## Given data
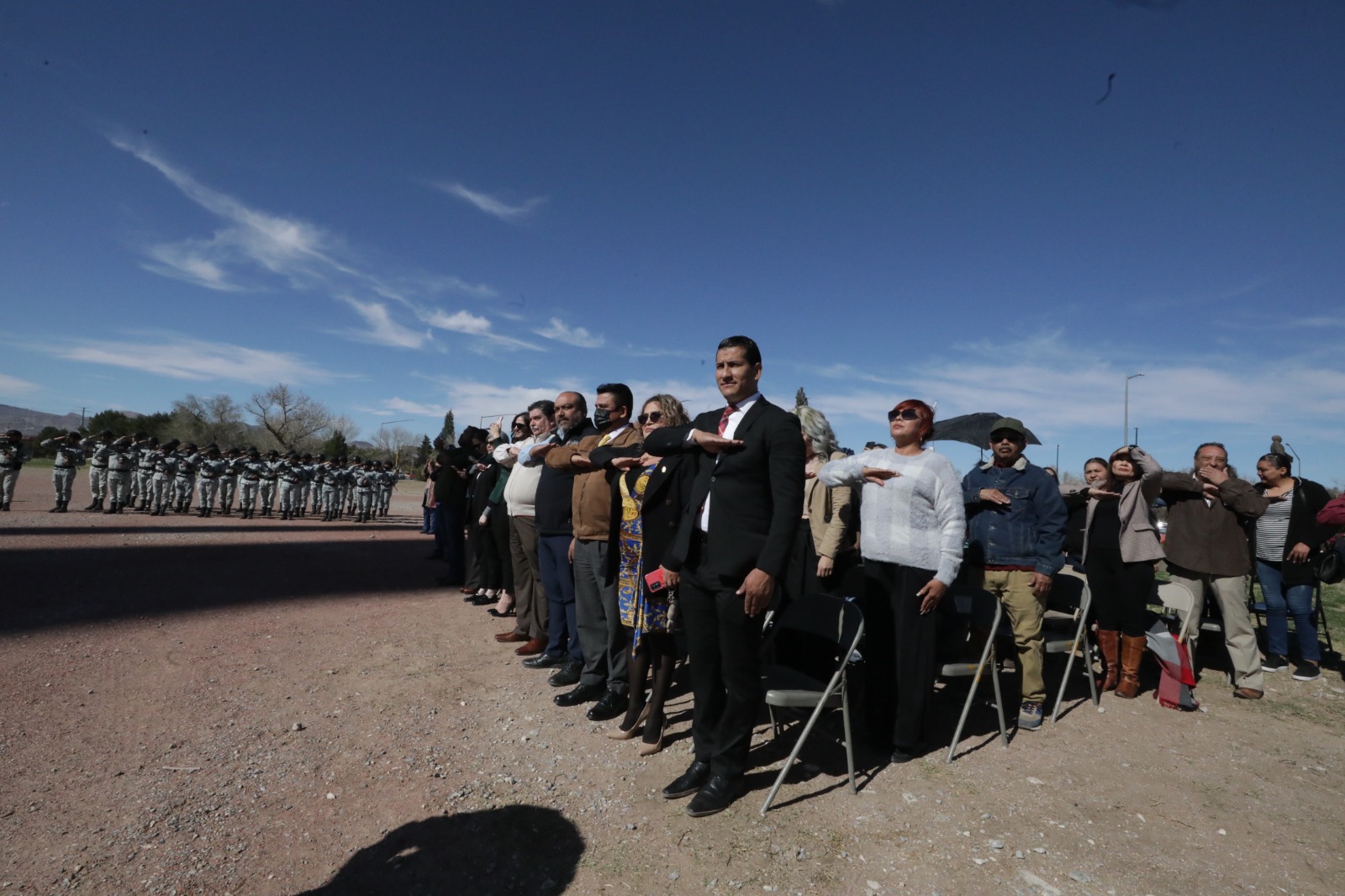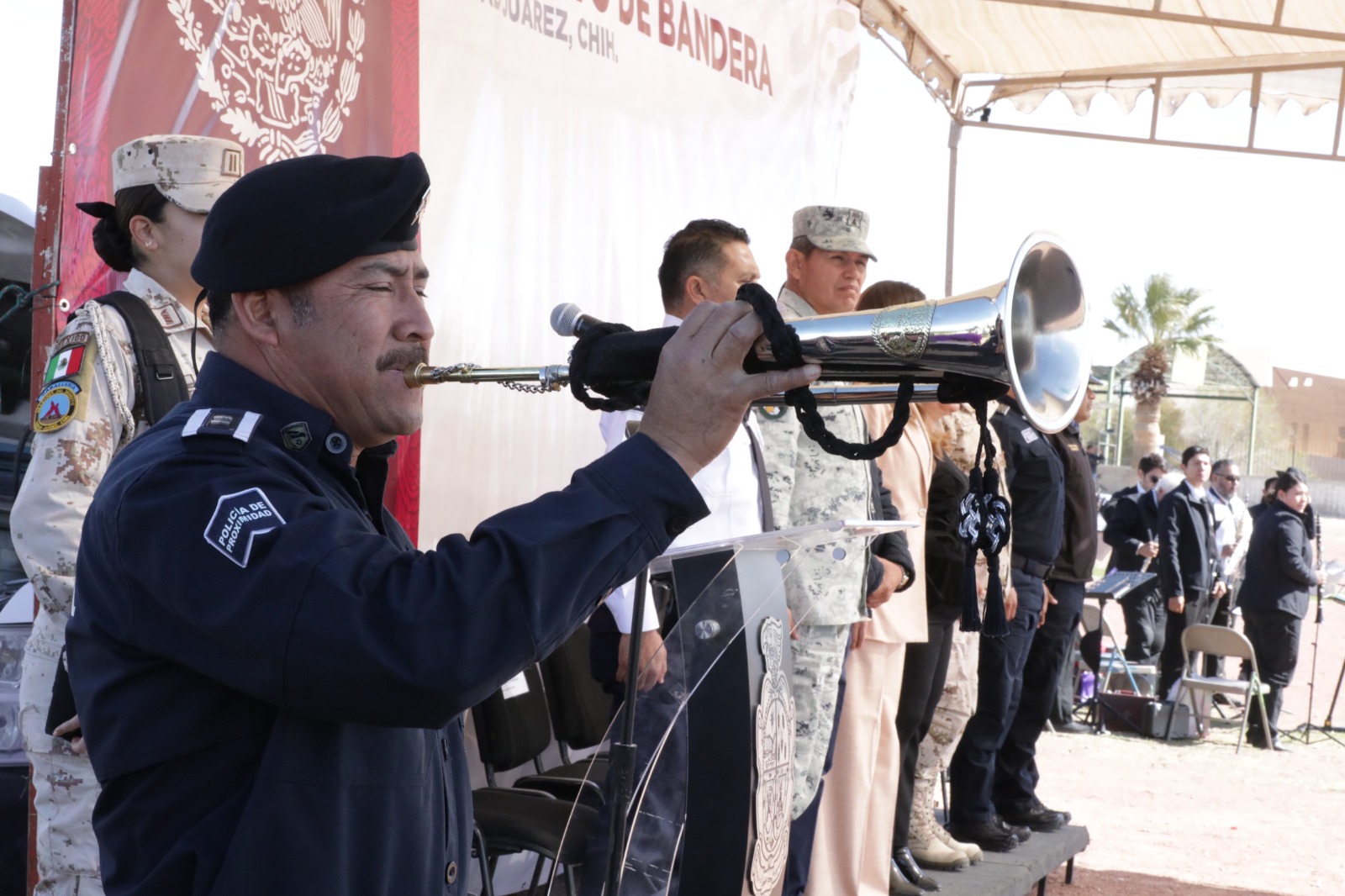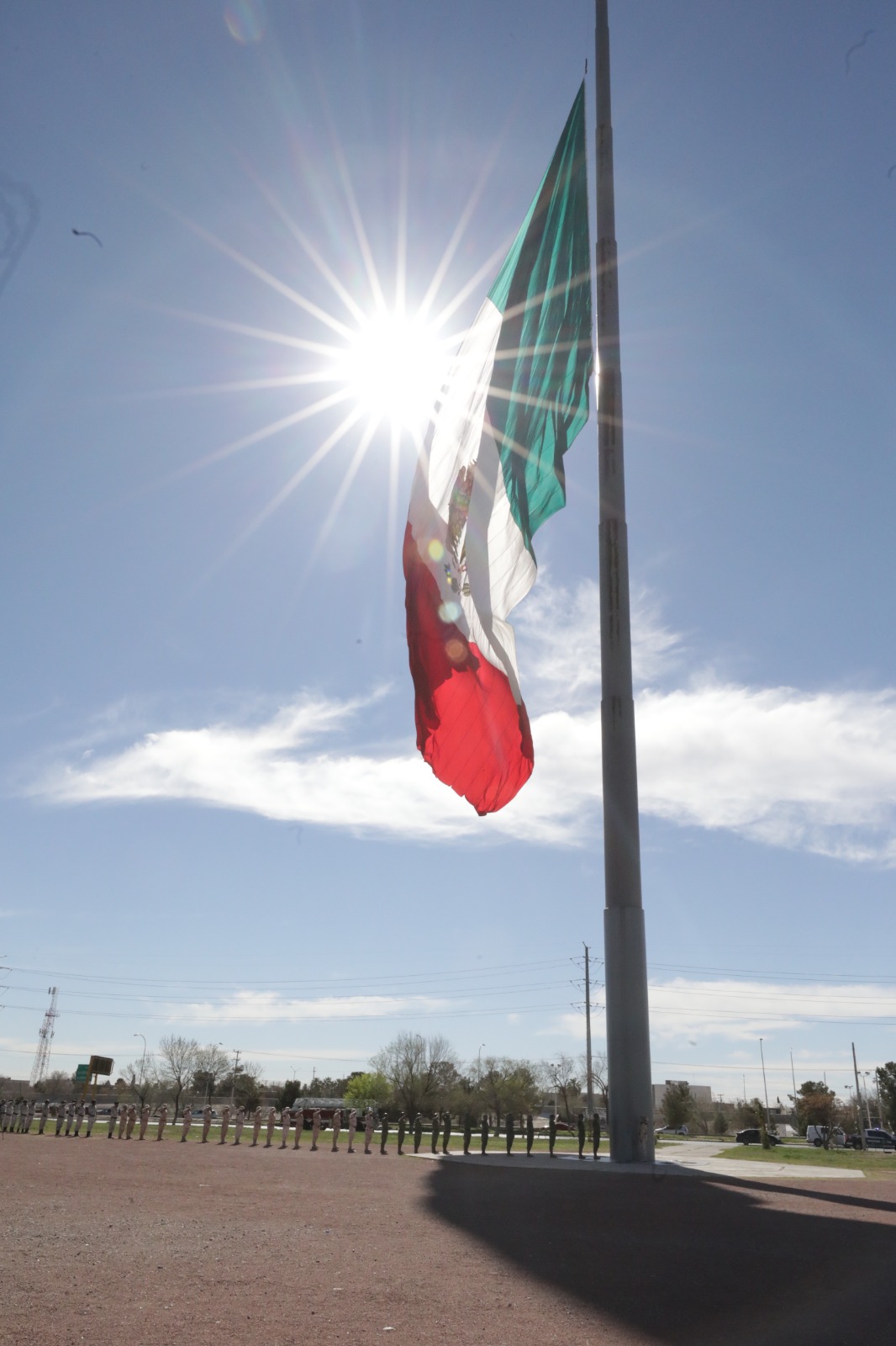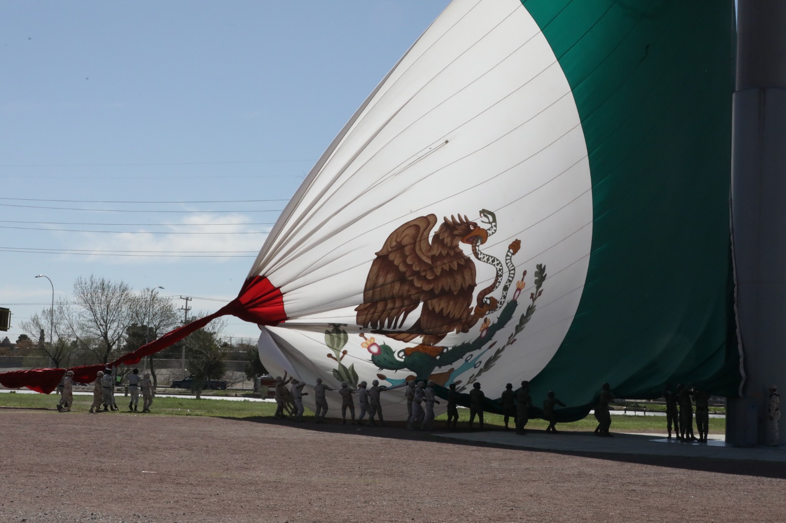 El evento protocolario tuvo como sede la megabandera en la zona de El Chamizal, donde se rindieron los honores a la enseña patria y se entonó el Himno Nacional.
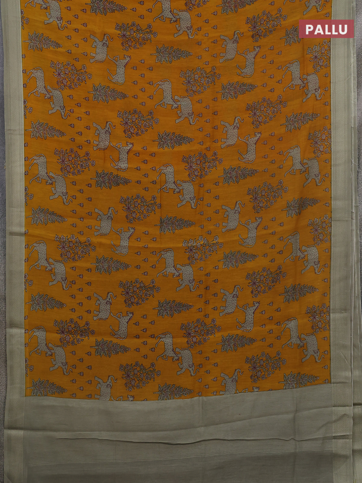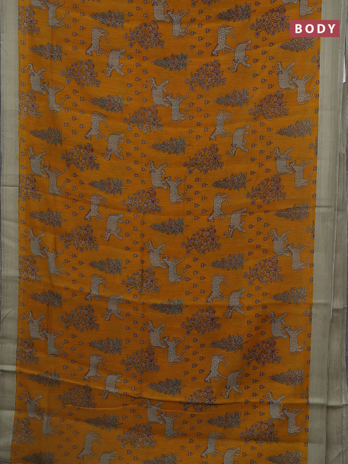 Chanderi silk cotton saree dark mustard and grey shade with allover prints and woven border
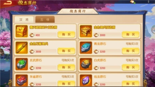 2、主公手中的「丹青残卷」可用于汉将商店兑换珍稀道具与海量资源,汉将碎片任选箱、金色万能神兵、原石、礼记周易等好物,皆可供主公随心挑选; 3、主公获取的「五铢钱」能在五铢商店兑换心仪物品,原石、礼记周易、将星、洗练石、鲛油长明灯、北斗司南、金色万能神兵等海量道具与资源应有尽有。
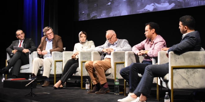 رافق عرض فيلم "ذكريات مذبحة" لنيكي بولستر حلقة نقاش ضمت نشطاء وصحفيين وشهود عيان من بينهم مراسل ميدل إيست آي خالد شلبي.
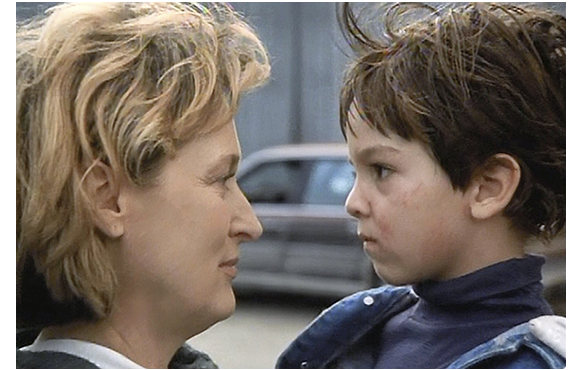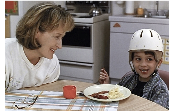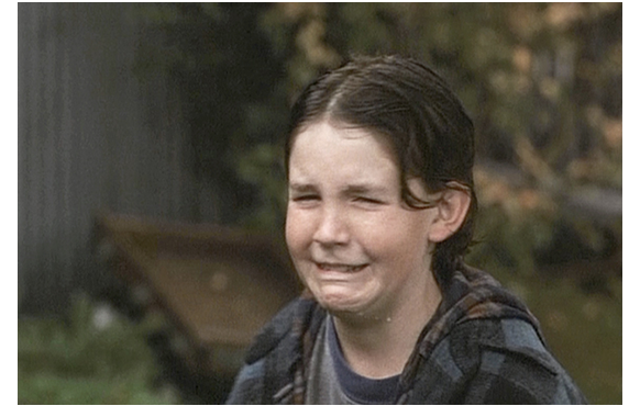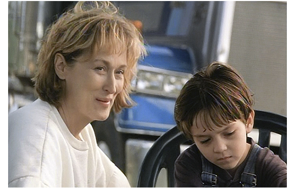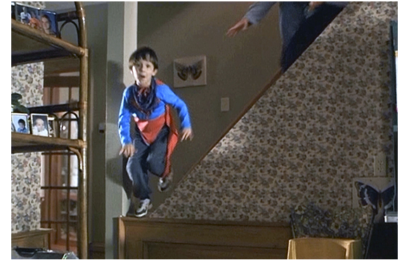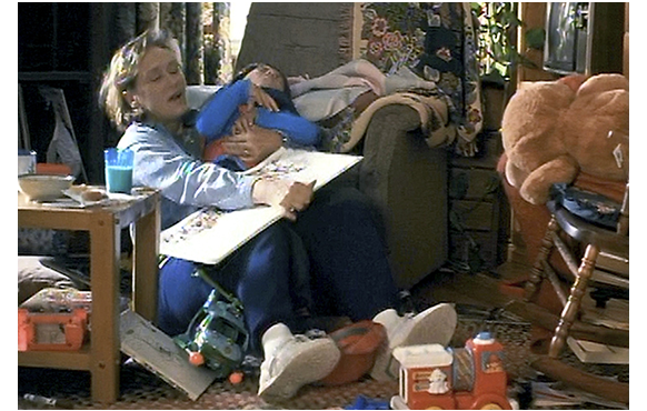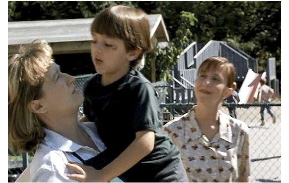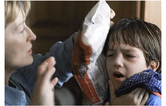ロビーの一家は、農場のような所で暮らしているが、父はトラックの運転手で、決して暮らしは裕福ではない。だから、母は雑貨屋でパートで働いている。そこに、ロビーの幼稚園から連絡があり、①転んだ(tumble)、②今は何ともない、③見に来て欲しい(check it out)と伝えられる。母が、幼稚園に行ってみると、「来ていただき恐縮ですが、倒れ方が変だったので。おやつのトレーを持っていた時、崩れるように倒れたんです。でも、すぐに立ち上がり、その後は元気でした」と説明を受ける。母は、「ねえ、なぜ倒れたの?」と抱き上げるが、「倒れてないよ」と言うだけだ(写真)。これが、ロビーの最初の癲癇発作だった。

## Exercise requirements
Copy nothing but the lines from the one containing "Chanderi silk cotton" through the last line of the listing above, transcribed exactly and with no pictures.

## Exercise answer
 Chanderi silk cotton saree dark mustard and grey shade with allover prints and woven border
 2、主公手中的「丹青残卷」可用于汉将商店兑换珍稀道具与海量资源,汉将碎片任选箱、金色万能神兵、原石、礼记周易等好物,皆可供主公随心挑选; 3、主公获取的「五铢钱」能在五铢商店兑换心仪物品,原石、礼记周易、将星、洗练石、鲛油长明灯、北斗司南、金色万能神兵等海量道具与资源应有尽有。
 رافق عرض فيلم "ذكريات مذبحة" لنيكي بولستر حلقة نقاش ضمت نشطاء وصحفيين وشهود عيان من بينهم مراسل ميدل إيست آي خالد شلبي.
ロビーの一家は、農場のような所で暮らしているが、父はトラックの運転手で、決して暮らしは裕福ではない。だから、母は雑貨屋でパートで働いている。そこに、ロビーの幼稚園から連絡があり、①転んだ(tumble)、②今は何ともない、③見に来て欲しい(check it out)と伝えられる。母が、幼稚園に行ってみると、「来ていただき恐縮ですが、倒れ方が変だったので。おやつのトレーを持っていた時、崩れるように倒れたんです。でも、すぐに立ち上がり、その後は元気でした」と説明を受ける。母は、「ねえ、なぜ倒れたの?」と抱き上げるが、「倒れてないよ」と言うだけだ(写真)。これが、ロビーの最初の癲癇発作だった。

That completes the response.